Dębowski Łukasz
Institute of Computer Science, Polish Academy of Sciences, ul. Jana Kazimierza 5, 01-248 Warszawa, Poland.
Entropy (Basel). 2018 Jan 26;20(2):85. doi: 10.3390/e20020085.
As we discuss, a stationary stochastic process is nonergodic when a random persistent topic can be detected in the infinite random text sampled from the process, whereas we call the process strongly nonergodic when an infinite sequence of independent random bits, called probabilistic facts, is needed to describe this topic completely. Replacing probabilistic facts with an algorithmically random sequence of bits, called algorithmic facts, we adapt this property back to ergodic processes. Subsequently, we call a process perigraphic if the number of algorithmic facts which can be inferred from a finite text sampled from the process grows like a power of the text length. We present a simple example of such a process. Moreover, we demonstrate an assertion which we call the theorem about facts and words. This proposition states that the number of probabilistic or algorithmic facts which can be inferred from a text drawn from a process must be roughly smaller than the number of distinct word-like strings detected in this text by means of the Prediction by Partial Matching (PPM) compression algorithm. We also observe that the number of the word-like strings for a sample of plays by Shakespeare follows an empirical stepwise power law, in a stark contrast to Markov processes. Hence, we suppose that natural language considered as a process is not only non-Markov but also perigraphic.

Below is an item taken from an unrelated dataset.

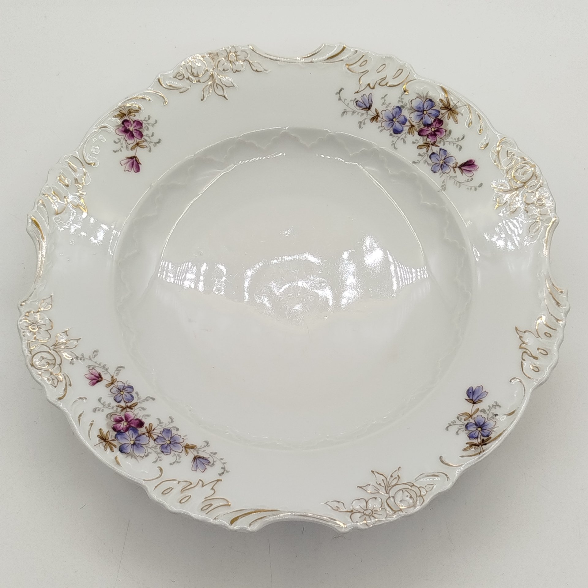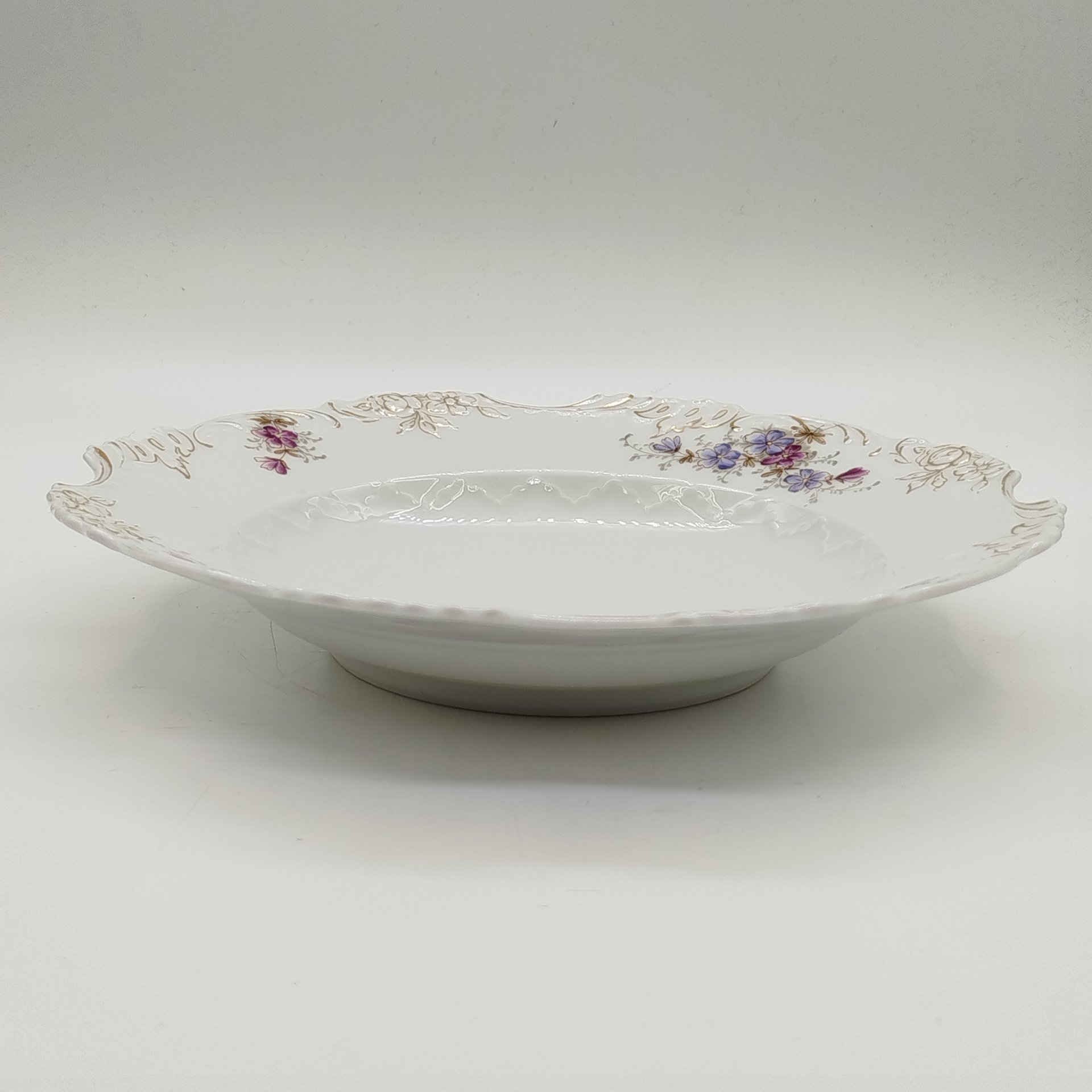 Тарелка суповая с декором в виде сирени, фарфор, аэрография, деколь, Российская империя, 1900-1917 гг.

如我们所讨论的,当从一个平稳随机过程中抽取的无限随机文本中能够检测到一个随机持久主题时,该平稳随机过程是非遍历的;而当需要一个由独立随机比特组成的无限序列(称为概率事实)来完整描述这个主题时,我们称该过程为强非遍历的。用一个由算法生成的随机比特序列(称为算法事实)来取代概率事实,我们将这个特性应用回遍历过程。随后,如果从该过程中抽取的有限文本中能够推断出的算法事实的数量随文本长度的幂次增长,我们就称这个过程为周边图式的。我们给出了这样一个过程的简单示例。此外,我们证明了一个我们称为关于事实和单词的定理的断言。这个命题表明,从一个过程中抽取的文本中能够推断出的概率或算法事实的数量,必须大致小于通过部分匹配预测(PPM)压缩算法在该文本中检测到的不同单词状字符串的数量。我们还观察到,莎士比亚戏剧样本中的单词状字符串数量遵循经验性的阶梯幂律,这与马尔可夫过程形成鲜明对比。因此,我们推测,作为一个过程来考虑的自然语言不仅是非马尔可夫的,而且是周边图式的。